_Aim of the exercise_
Write out, exactly and in full, the records given below, but not their pictures.
*** Opening of Data for review ***
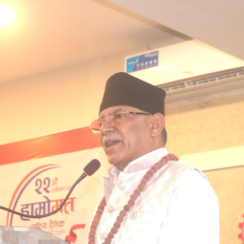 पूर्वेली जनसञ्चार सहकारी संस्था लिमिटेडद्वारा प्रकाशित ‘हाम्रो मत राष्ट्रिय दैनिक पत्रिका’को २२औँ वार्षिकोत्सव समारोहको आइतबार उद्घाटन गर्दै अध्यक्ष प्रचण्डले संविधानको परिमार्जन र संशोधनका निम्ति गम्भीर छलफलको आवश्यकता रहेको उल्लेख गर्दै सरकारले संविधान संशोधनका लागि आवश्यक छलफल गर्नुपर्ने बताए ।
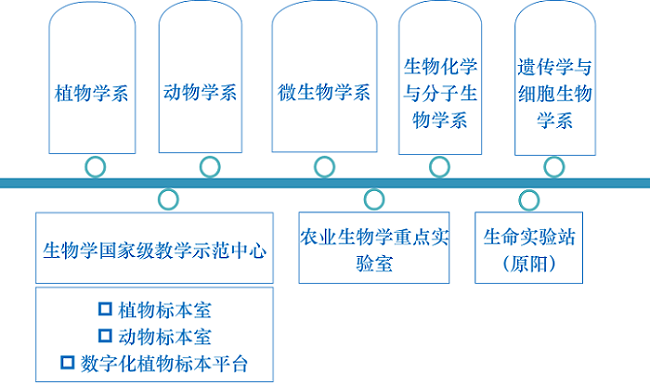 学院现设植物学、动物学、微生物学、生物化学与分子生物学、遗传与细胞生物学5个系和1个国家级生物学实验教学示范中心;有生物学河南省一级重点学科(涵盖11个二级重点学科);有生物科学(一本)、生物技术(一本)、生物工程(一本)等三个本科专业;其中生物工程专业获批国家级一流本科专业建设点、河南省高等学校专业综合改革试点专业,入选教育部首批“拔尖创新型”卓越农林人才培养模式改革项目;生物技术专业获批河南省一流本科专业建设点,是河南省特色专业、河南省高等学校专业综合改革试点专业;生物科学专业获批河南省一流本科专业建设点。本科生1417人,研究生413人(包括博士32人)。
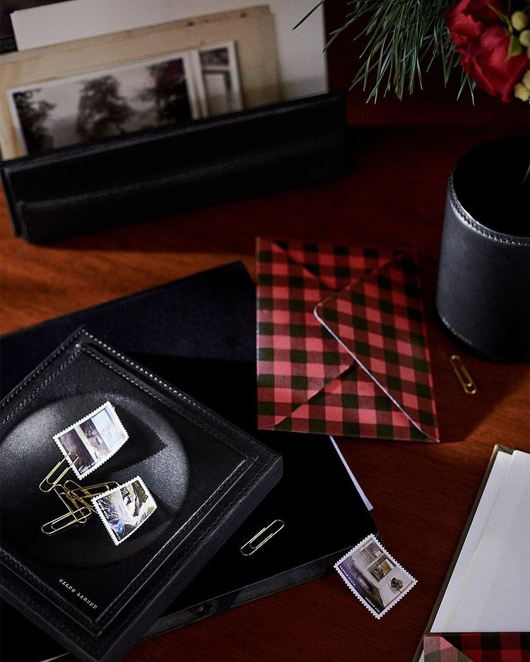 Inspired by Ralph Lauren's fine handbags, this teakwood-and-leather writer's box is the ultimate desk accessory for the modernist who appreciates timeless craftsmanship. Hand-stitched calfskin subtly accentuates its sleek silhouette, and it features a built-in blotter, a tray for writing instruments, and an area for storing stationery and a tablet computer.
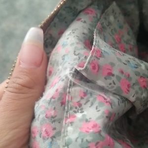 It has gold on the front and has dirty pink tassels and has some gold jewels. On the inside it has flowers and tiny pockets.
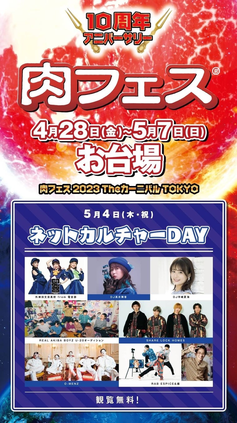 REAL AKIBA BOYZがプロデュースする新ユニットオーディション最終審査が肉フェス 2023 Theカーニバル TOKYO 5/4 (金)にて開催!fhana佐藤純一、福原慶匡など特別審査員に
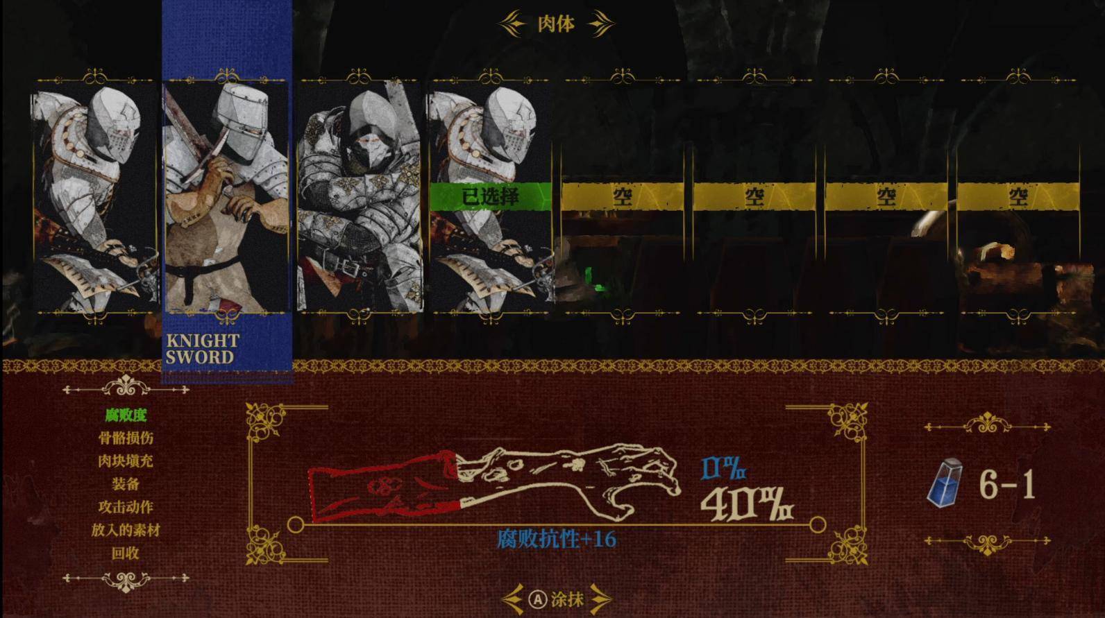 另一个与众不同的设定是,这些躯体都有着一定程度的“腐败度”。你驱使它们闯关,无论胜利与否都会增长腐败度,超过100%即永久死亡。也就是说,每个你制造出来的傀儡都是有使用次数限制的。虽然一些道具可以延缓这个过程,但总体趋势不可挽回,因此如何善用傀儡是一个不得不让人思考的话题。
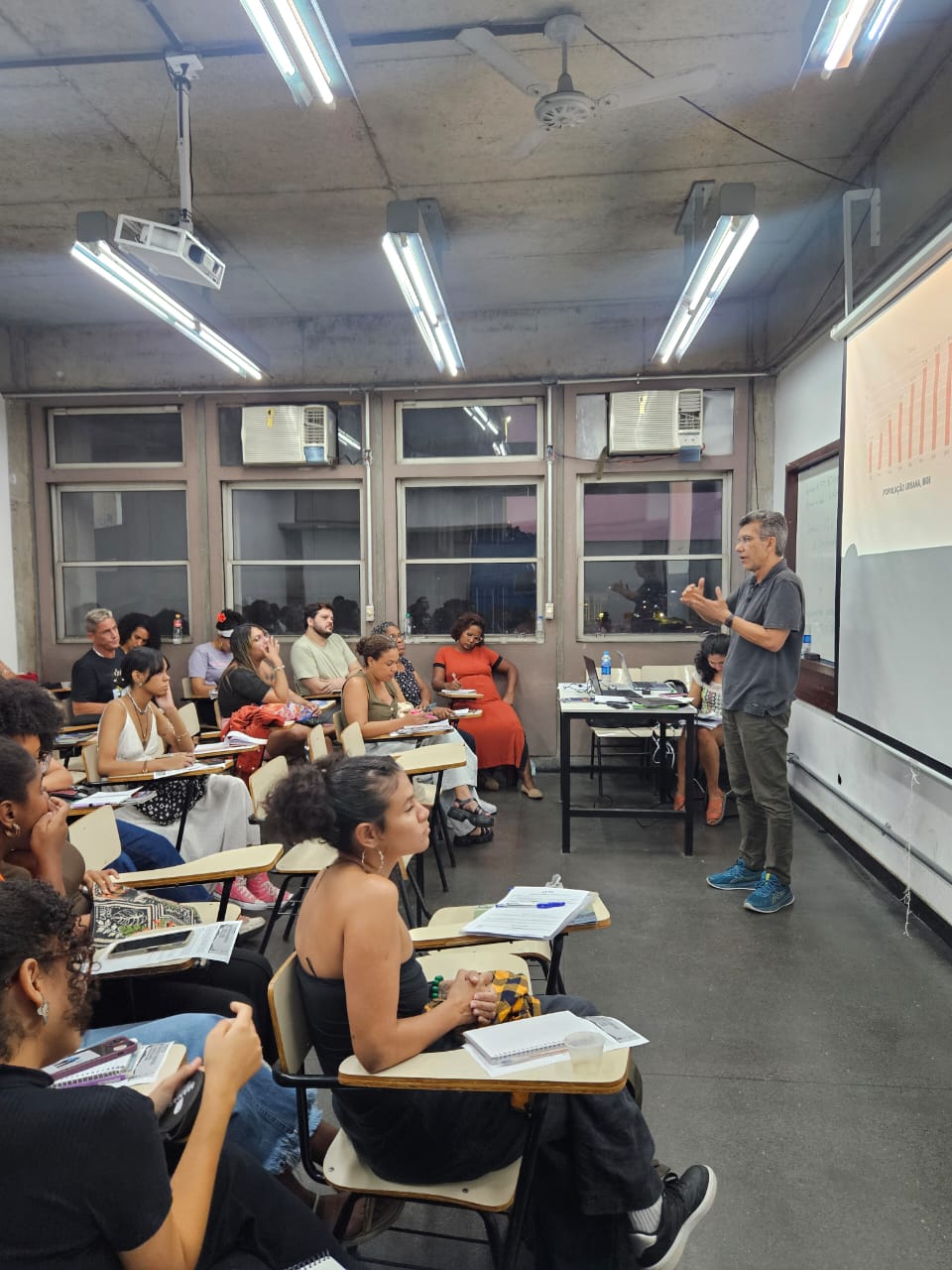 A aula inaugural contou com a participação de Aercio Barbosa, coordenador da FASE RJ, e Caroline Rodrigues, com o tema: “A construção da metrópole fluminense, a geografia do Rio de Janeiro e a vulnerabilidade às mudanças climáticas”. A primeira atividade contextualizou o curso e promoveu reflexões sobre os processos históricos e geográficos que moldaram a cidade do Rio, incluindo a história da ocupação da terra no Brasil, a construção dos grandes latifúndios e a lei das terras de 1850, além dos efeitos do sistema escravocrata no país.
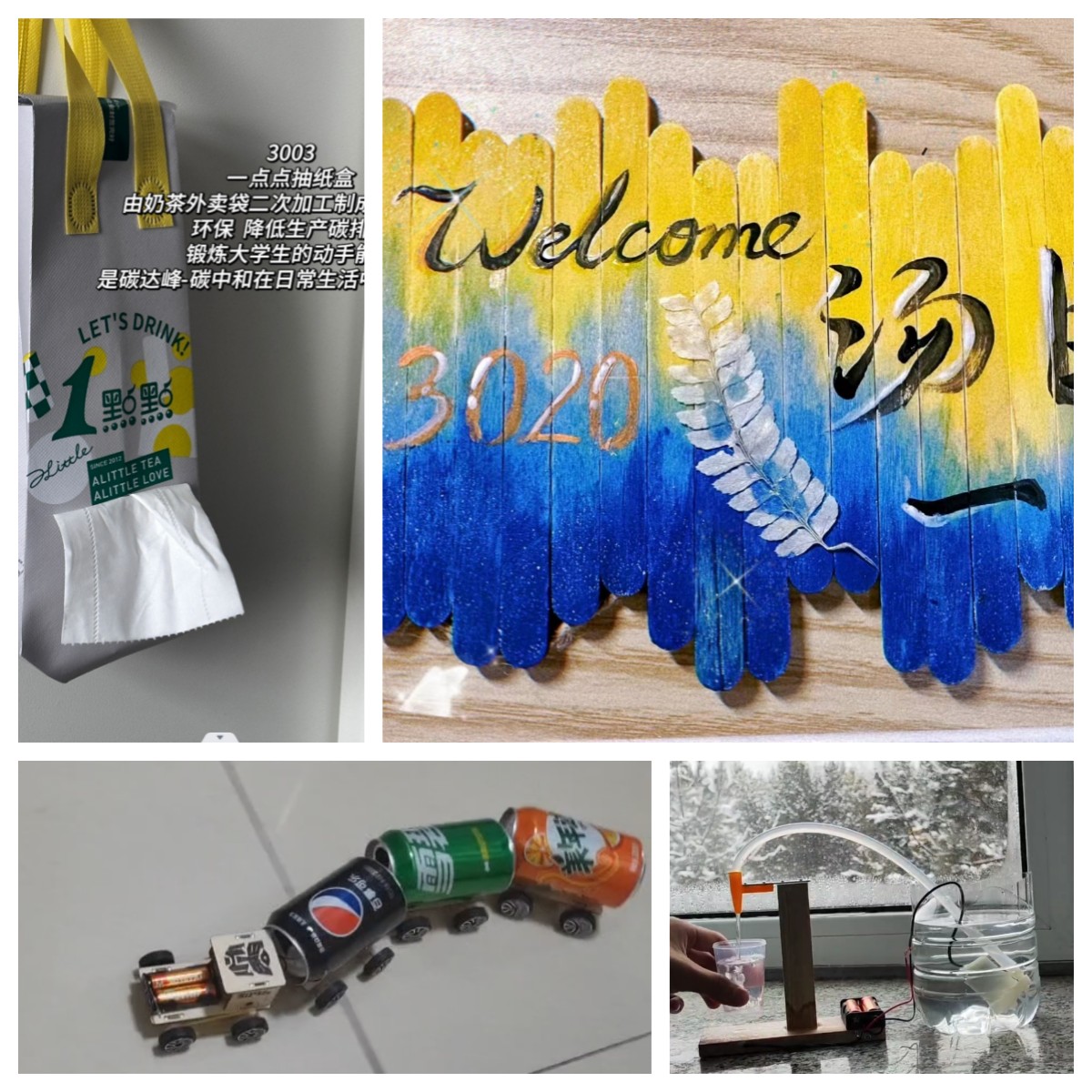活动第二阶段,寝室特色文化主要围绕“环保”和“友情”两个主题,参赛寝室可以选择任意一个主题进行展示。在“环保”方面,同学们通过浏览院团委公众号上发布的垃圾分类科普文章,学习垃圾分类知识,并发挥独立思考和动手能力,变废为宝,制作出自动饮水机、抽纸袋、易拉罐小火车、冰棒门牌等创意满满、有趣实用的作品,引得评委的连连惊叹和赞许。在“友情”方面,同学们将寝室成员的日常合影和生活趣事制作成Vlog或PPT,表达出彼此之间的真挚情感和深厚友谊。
*** Close of Data for review ***
_Response box_
 पूर्वेली जनसञ्चार सहकारी संस्था लिमिटेडद्वारा प्रकाशित ‘हाम्रो मत राष्ट्रिय दैनिक पत्रिका’को २२औँ वार्षिकोत्सव समारोहको आइतबार उद्घाटन गर्दै अध्यक्ष प्रचण्डले संविधानको परिमार्जन र संशोधनका निम्ति गम्भीर छलफलको आवश्यकता रहेको उल्लेख गर्दै सरकारले संविधान संशोधनका लागि आवश्यक छलफल गर्नुपर्ने बताए ।
 学院现设植物学、动物学、微生物学、生物化学与分子生物学、遗传与细胞生物学5个系和1个国家级生物学实验教学示范中心;有生物学河南省一级重点学科(涵盖11个二级重点学科);有生物科学(一本)、生物技术(一本)、生物工程(一本)等三个本科专业;其中生物工程专业获批国家级一流本科专业建设点、河南省高等学校专业综合改革试点专业,入选教育部首批“拔尖创新型”卓越农林人才培养模式改革项目;生物技术专业获批河南省一流本科专业建设点,是河南省特色专业、河南省高等学校专业综合改革试点专业;生物科学专业获批河南省一流本科专业建设点。本科生1417人,研究生413人(包括博士32人)。
 Inspired by Ralph Lauren's fine handbags, this teakwood-and-leather writer's box is the ultimate desk accessory for the modernist who appreciates timeless craftsmanship. Hand-stitched calfskin subtly accentuates its sleek silhouette, and it features a built-in blotter, a tray for writing instruments, and an area for storing stationery and a tablet computer.
 It has gold on the front and has dirty pink tassels and has some gold jewels. On the inside it has flowers and tiny pockets.
 REAL AKIBA BOYZがプロデュースする新ユニットオーディション最終審査が肉フェス 2023 Theカーニバル TOKYO 5/4 (金)にて開催!fhana佐藤純一、福原慶匡など特別審査員に
 另一个与众不同的设定是,这些躯体都有着一定程度的“腐败度”。你驱使它们闯关,无论胜利与否都会增长腐败度,超过100%即永久死亡。也就是说,每个你制造出来的傀儡都是有使用次数限制的。虽然一些道具可以延缓这个过程,但总体趋势不可挽回,因此如何善用傀儡是一个不得不让人思考的话题。
 A aula inaugural contou com a participação de Aercio Barbosa, coordenador da FASE RJ, e Caroline Rodrigues, com o tema: “A construção da metrópole fluminense, a geografia do Rio de Janeiro e a vulnerabilidade às mudanças climáticas”. A primeira atividade contextualizou o curso e promoveu reflexões sobre os processos históricos e geográficos que moldaram a cidade do Rio, incluindo a história da ocupação da terra no Brasil, a construção dos grandes latifúndios e a lei das terras de 1850, além dos efeitos do sistema escravocrata no país.
活动第二阶段,寝室特色文化主要围绕“环保”和“友情”两个主题,参赛寝室可以选择任意一个主题进行展示。在“环保”方面,同学们通过浏览院团委公众号上发布的垃圾分类科普文章,学习垃圾分类知识,并发挥独立思考和动手能力,变废为宝,制作出自动饮水机、抽纸袋、易拉罐小火车、冰棒门牌等创意满满、有趣实用的作品,引得评委的连连惊叹和赞许。在“友情”方面,同学们将寝室成员的日常合影和生活趣事制作成Vlog或PPT,表达出彼此之间的真挚情感和深厚友谊。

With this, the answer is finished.